Task goal: Retype the lines below exactly, but only those from the line that has "Pure X Birdseye" through the line that has "キノコの旨みがたまらないPI". Omit every picture.

The records:
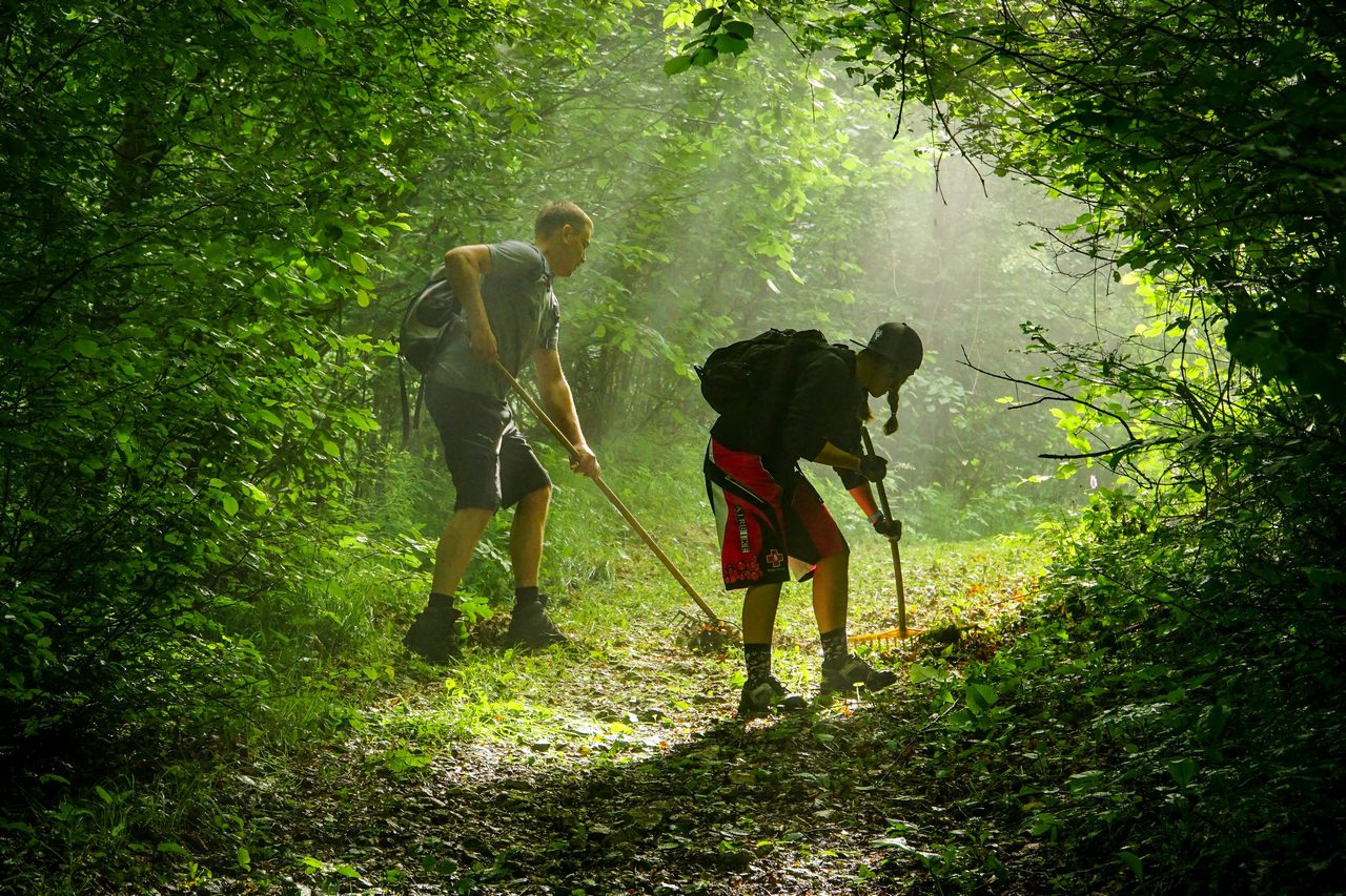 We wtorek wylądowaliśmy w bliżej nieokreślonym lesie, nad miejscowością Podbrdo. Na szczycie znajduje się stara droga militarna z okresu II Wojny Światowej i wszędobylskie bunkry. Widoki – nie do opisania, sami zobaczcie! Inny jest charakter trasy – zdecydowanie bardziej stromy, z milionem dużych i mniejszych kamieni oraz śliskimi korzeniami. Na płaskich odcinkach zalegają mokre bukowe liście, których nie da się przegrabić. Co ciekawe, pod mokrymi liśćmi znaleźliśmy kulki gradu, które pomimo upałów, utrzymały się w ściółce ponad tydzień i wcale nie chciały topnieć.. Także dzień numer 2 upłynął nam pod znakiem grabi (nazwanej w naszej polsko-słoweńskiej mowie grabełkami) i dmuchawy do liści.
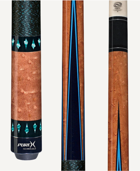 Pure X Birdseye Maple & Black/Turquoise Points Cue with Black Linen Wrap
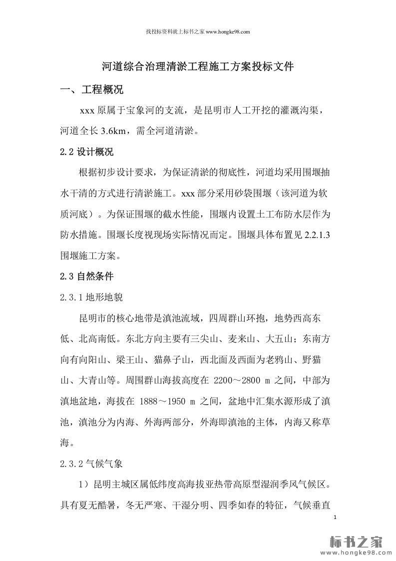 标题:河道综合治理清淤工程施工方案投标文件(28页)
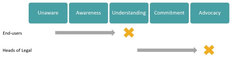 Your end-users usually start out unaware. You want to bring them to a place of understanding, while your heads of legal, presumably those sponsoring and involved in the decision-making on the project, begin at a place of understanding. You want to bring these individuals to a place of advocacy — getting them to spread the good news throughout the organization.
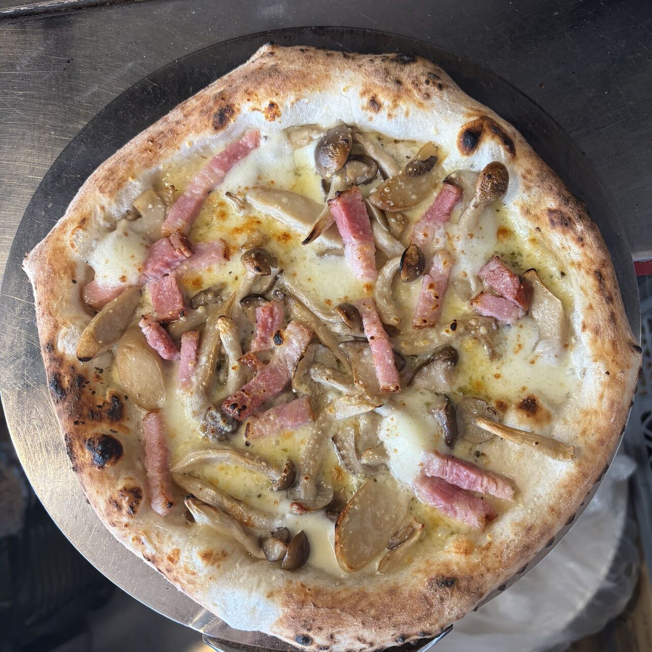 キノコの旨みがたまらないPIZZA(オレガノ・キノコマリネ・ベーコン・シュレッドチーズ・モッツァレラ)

---

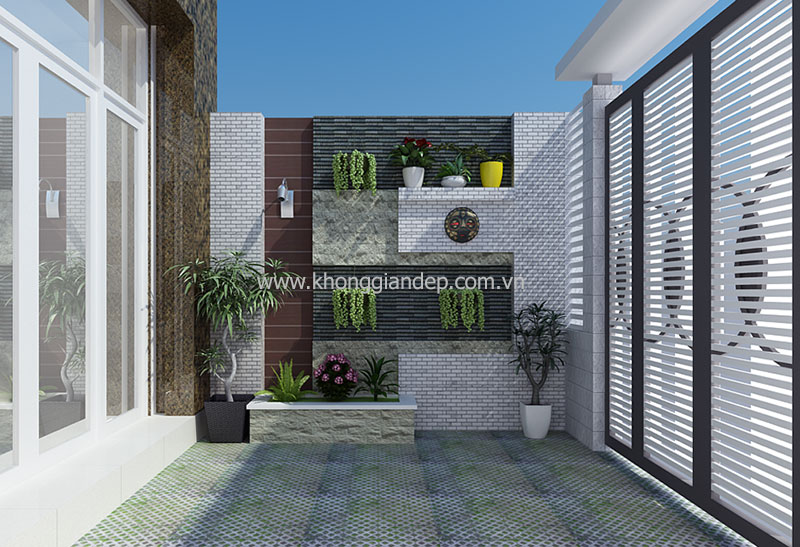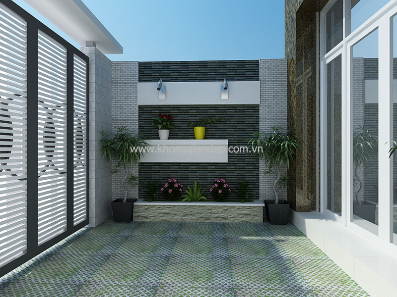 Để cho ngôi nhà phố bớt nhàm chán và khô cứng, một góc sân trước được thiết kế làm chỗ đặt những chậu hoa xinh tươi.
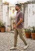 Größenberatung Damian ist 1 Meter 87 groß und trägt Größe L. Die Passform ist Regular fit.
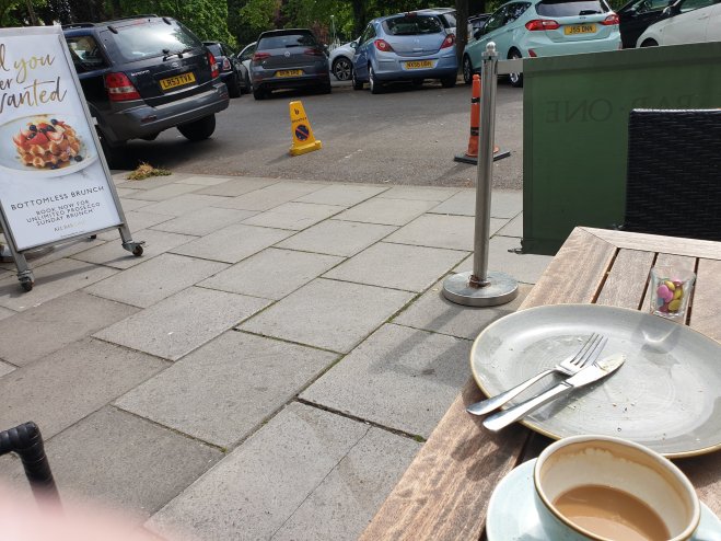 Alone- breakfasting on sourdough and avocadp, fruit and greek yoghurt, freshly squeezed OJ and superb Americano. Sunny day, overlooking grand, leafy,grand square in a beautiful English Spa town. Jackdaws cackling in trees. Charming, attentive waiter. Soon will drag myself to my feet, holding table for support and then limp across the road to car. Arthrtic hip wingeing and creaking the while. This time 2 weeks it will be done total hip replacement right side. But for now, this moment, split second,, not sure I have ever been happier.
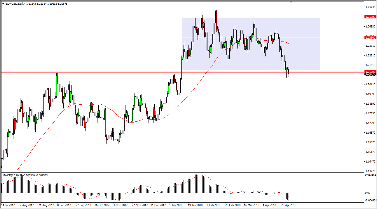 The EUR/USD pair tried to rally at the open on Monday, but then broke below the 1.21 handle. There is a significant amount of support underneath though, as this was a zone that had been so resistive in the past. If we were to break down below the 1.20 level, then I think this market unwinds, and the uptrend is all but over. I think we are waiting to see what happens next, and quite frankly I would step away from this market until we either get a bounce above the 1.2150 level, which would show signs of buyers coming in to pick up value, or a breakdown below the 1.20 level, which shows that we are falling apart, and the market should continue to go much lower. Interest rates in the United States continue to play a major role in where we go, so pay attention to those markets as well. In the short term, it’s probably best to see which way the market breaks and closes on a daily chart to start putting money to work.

Written response:
 Pure X Birdseye Maple & Black/Turquoise Points Cue with Black Linen Wrap
 标题:河道综合治理清淤工程施工方案投标文件(28页)
 Your end-users usually start out unaware. You want to bring them to a place of understanding, while your heads of legal, presumably those sponsoring and involved in the decision-making on the project, begin at a place of understanding. You want to bring these individuals to a place of advocacy — getting them to spread the good news throughout the organization.
 キノコの旨みがたまらないPIZZA(オレガノ・キノコマリネ・ベーコン・シュレッドチーズ・モッツァレラ)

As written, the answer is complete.